ASSIGNED TASK –
Output exactly, and only, the lines below from the one with "Crabe fer à" down to the one with "öğe şekli: Kare". Include both end lines and no pictures.

PROVIDED INFORMATION –
----
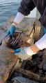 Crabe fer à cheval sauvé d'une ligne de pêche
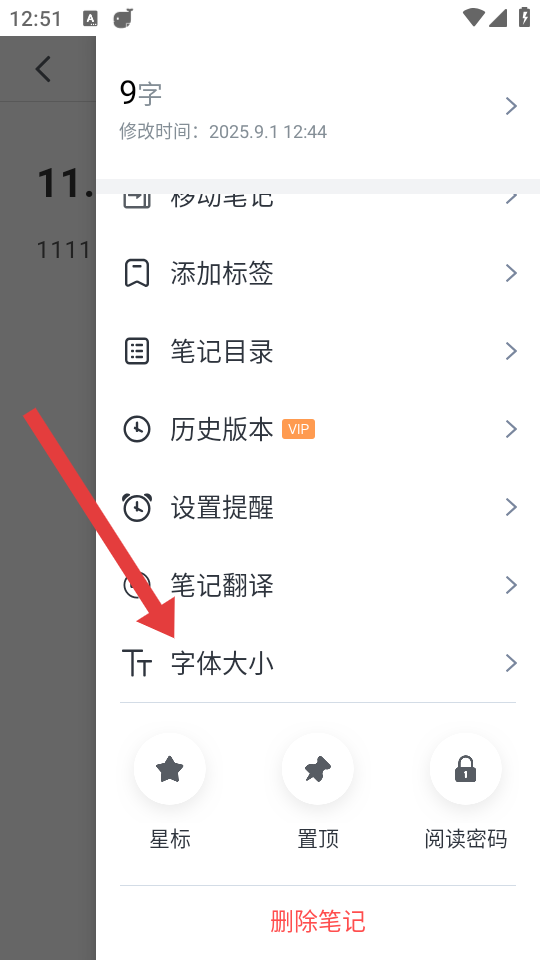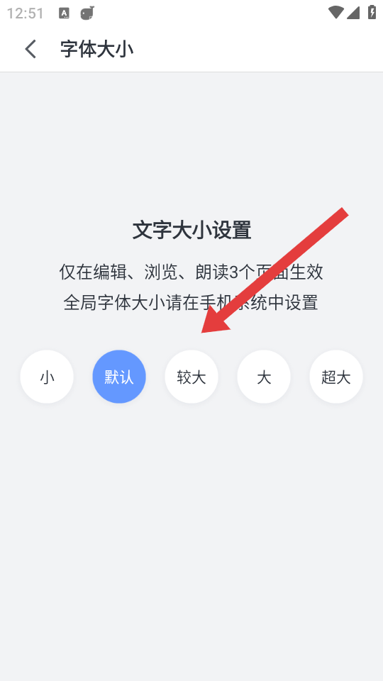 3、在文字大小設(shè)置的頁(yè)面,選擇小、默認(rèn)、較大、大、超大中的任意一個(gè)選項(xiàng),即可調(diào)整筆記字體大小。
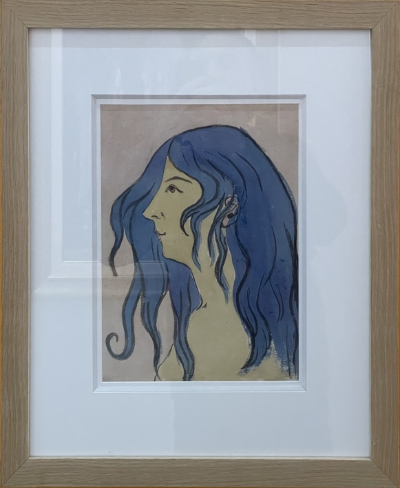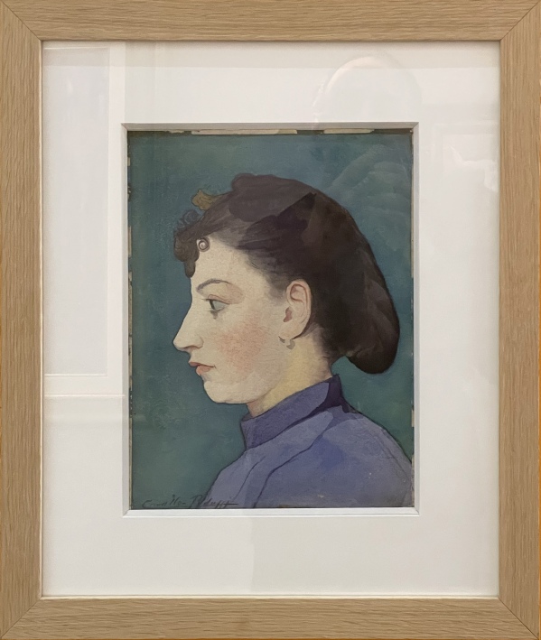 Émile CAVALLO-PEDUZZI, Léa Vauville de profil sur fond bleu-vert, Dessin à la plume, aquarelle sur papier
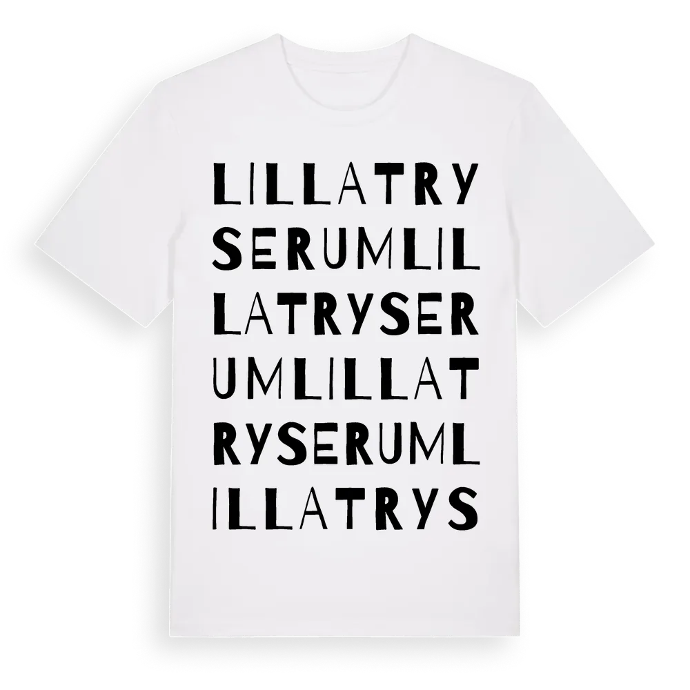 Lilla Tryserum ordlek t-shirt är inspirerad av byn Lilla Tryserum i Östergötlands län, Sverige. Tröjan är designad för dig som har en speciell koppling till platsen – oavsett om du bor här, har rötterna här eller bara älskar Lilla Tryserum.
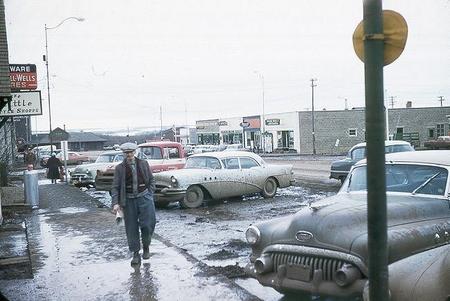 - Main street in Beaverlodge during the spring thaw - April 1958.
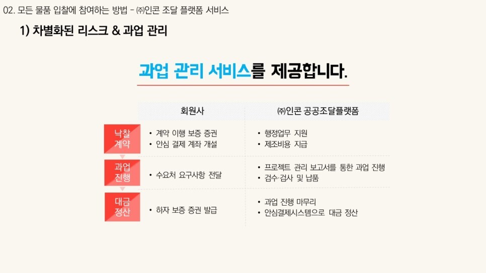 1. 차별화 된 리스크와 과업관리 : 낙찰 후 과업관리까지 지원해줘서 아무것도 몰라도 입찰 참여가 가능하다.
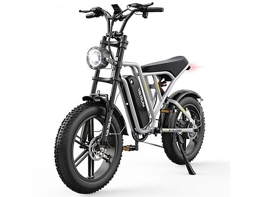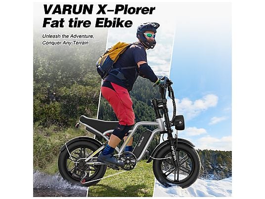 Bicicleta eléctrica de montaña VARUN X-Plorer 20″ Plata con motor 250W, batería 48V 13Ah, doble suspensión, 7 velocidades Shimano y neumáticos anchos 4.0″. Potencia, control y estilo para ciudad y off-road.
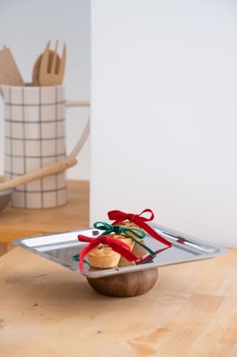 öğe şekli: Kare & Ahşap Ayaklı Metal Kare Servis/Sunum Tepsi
----
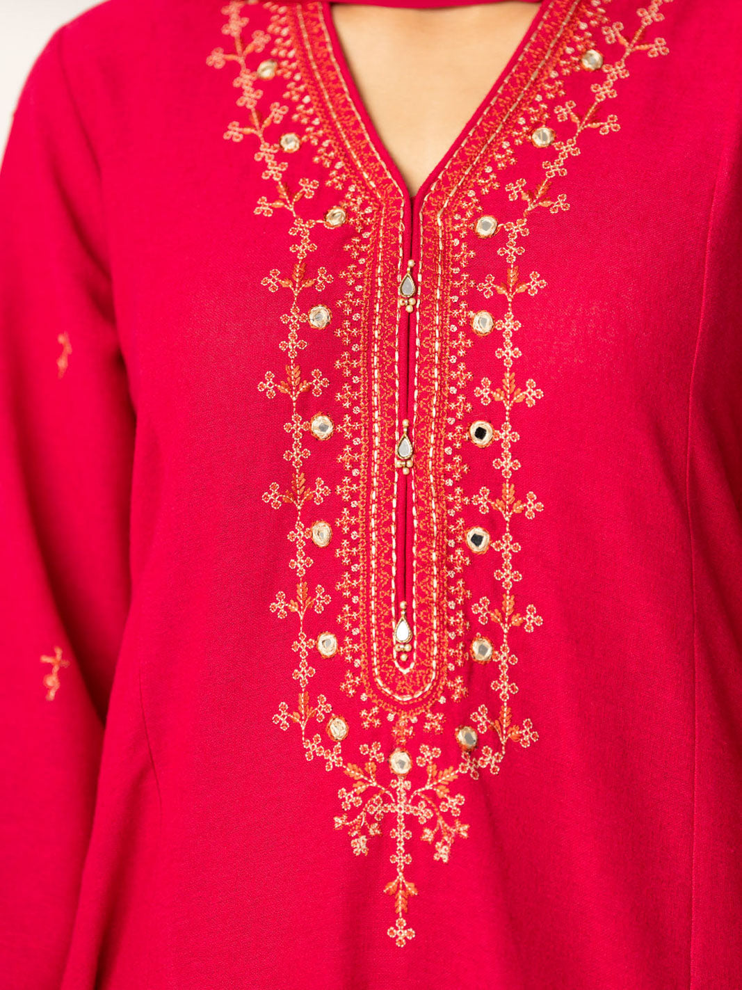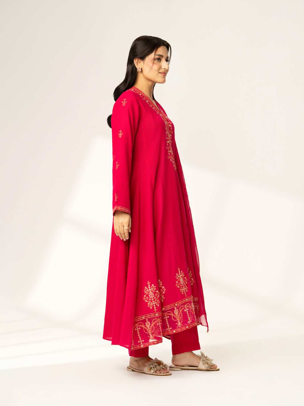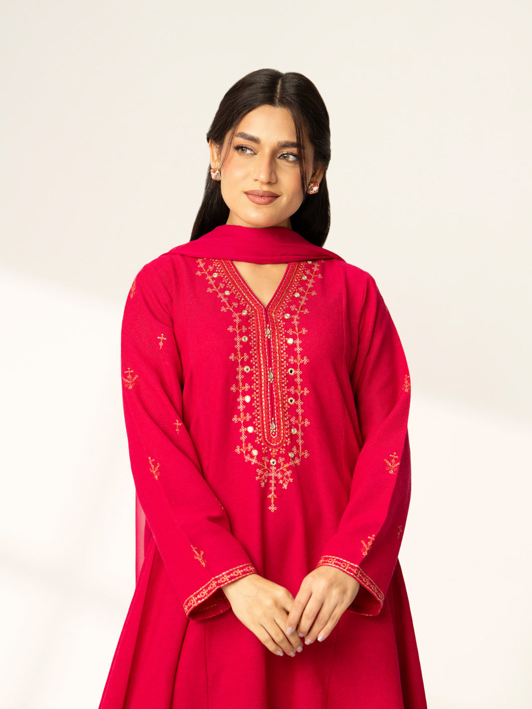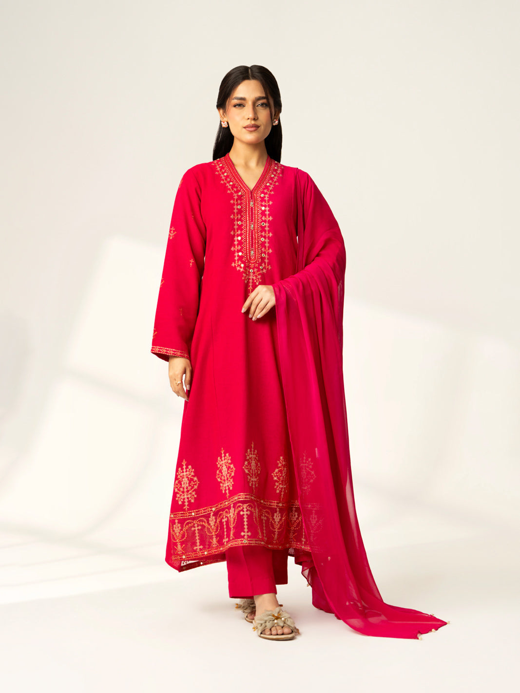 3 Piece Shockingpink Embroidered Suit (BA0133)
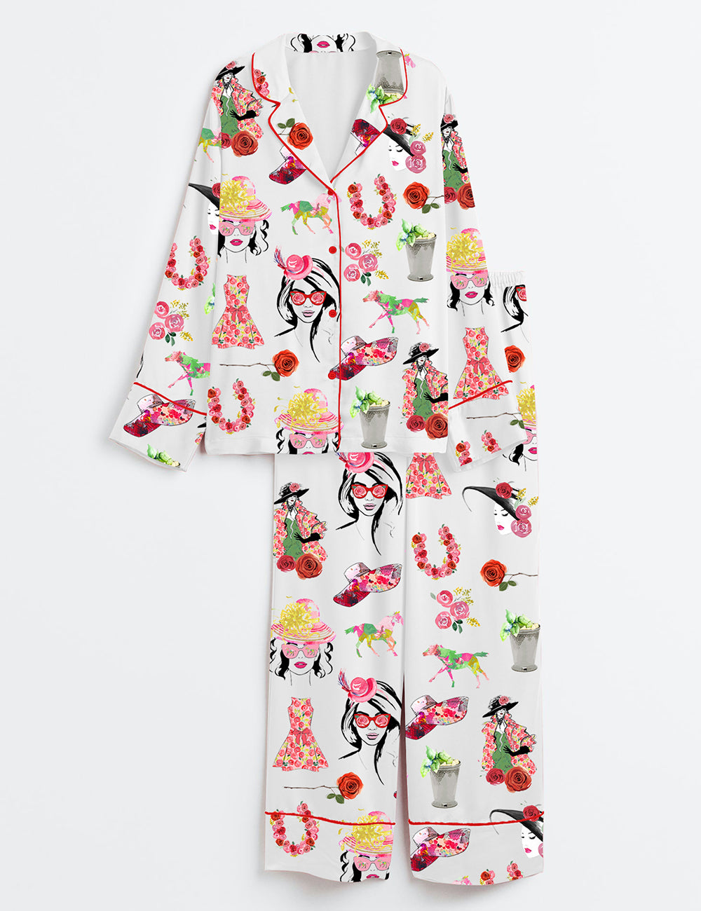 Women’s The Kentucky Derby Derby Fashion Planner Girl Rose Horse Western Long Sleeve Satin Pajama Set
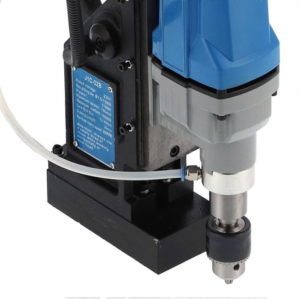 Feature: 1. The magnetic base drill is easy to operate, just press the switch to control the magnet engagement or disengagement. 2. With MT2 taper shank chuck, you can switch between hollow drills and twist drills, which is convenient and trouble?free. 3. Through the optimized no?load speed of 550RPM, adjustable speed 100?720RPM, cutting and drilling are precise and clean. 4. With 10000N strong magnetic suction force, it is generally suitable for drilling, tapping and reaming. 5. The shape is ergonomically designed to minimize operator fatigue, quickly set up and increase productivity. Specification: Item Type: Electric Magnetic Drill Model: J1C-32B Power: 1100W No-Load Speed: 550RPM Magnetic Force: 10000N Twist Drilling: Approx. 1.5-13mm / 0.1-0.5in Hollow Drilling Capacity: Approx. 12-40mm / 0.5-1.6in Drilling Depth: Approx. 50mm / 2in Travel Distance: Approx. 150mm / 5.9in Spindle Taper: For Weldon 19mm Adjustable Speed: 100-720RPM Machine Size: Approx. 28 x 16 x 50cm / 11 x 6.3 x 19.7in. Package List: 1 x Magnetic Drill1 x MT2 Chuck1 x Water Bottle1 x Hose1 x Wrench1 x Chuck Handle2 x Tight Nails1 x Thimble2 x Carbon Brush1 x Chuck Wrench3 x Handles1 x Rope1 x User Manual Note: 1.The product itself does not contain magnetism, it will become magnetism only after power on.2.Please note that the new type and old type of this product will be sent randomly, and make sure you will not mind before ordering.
----
FINISHED TASK –
 Crabe fer à cheval sauvé d'une ligne de pêche
 3、在文字大小設(shè)置的頁(yè)面,選擇小、默認(rèn)、較大、大、超大中的任意一個(gè)選項(xiàng),即可調(diào)整筆記字體大小。
 Émile CAVALLO-PEDUZZI, Léa Vauville de profil sur fond bleu-vert, Dessin à la plume, aquarelle sur papier
 Lilla Tryserum ordlek t-shirt är inspirerad av byn Lilla Tryserum i Östergötlands län, Sverige. Tröjan är designad för dig som har en speciell koppling till platsen – oavsett om du bor här, har rötterna här eller bara älskar Lilla Tryserum.
 - Main street in Beaverlodge during the spring thaw - April 1958.
 1. 차별화 된 리스크와 과업관리 : 낙찰 후 과업관리까지 지원해줘서 아무것도 몰라도 입찰 참여가 가능하다.
 Bicicleta eléctrica de montaña VARUN X-Plorer 20″ Plata con motor 250W, batería 48V 13Ah, doble suspensión, 7 velocidades Shimano y neumáticos anchos 4.0″. Potencia, control y estilo para ciudad y off-road.
 öğe şekli: Kare & Ahşap Ayaklı Metal Kare Servis/Sunum Tepsi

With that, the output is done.